These graphs are from pretty early into training but they should help with debugging. For debugging reasons my batch is 1. These graphs use the LIF node out layers and that setup

0 replies

Hananel-Hazan · 2024-10-27T23:30:25Z

Hananel-Hazan
Oct 27, 2024
Maintainer

Thank you for sharing the graphs. The network code looks good.

To begin with, let's remove the upper and lower bounds on the weights in each layer, specifically eliminating wmin=-1 and wmax=1, allowing the weights to reach higher values.

Additionally, for debugging purposes, I recommend removing the second middle layer. This will help us observe if the output weights change. I suspect that there may not be enough activity in the deeper layers to produce meaningful weight changes. In spiking neurons, there's a risk of vanishing spikes, where deeper layers receive progressively fewer spikes, resulting in diminished weight updates compared to layers connected directly to the input.

Furthermore, for the MSTDP to be effective, the output layer needs to synchronize between presynaptic and postsynaptic spikes. Since the output layer currently lacks postsynaptic spikes, you should guide it similarly to supervised learning by stimulating the neurons that need to be active while inhibiting those that should not. This approach will allow MSTDP to be effective and facilitate appropriate weight changes. There is an example in BindsNET that can demonstrate such a process (supervise MNIST)

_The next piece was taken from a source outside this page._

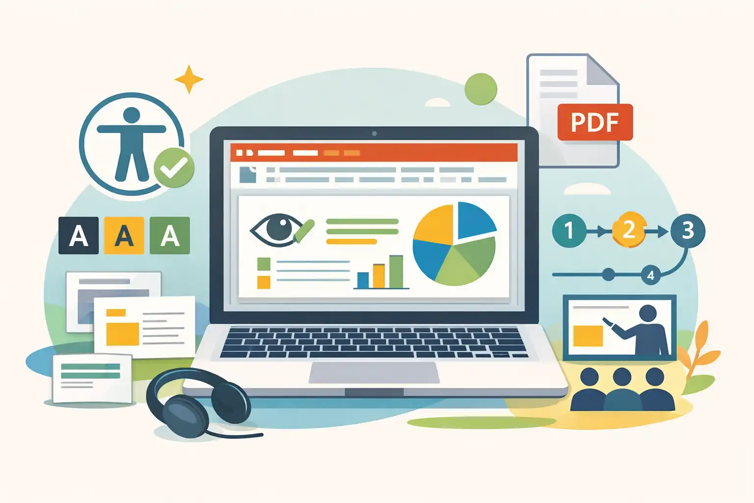 Un PowerPoint accessible est une présentation structurée avec des gabarits cohérents, des contrastes suffisants, un ordre de lecture logique et un export PDF balisé permettant une lecture correcte par les technologies d’assistance.
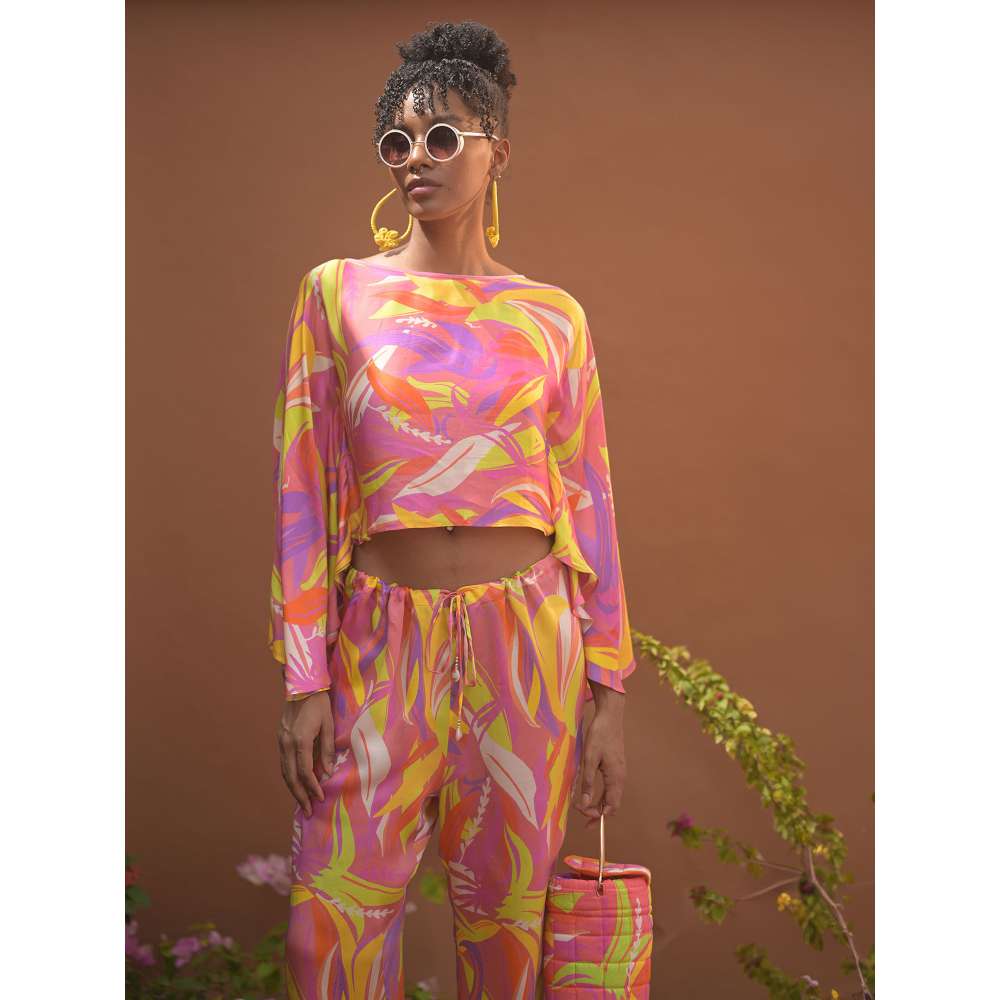 Description : Amp up your styling game with multi-color crop top from GUAPA. It is crafted from high-quality fabric. It features printed pattern with flared sleeves boat neck. Team it up with heels to complete your look.

Regarding your concerns about the continuous environment and potential issues with negative inputs and outputs, I agree that working with both positive and negative rewards can be challenging. I recommend starting with just one type of reward to assess its performance. Additionally, consider mapping the output to a continuous range by normalizing or scaling it before passing it to the environment. You might transform spike outputs into a more continuous space by normalizing the total spike count for each neuron to fit a desired output range.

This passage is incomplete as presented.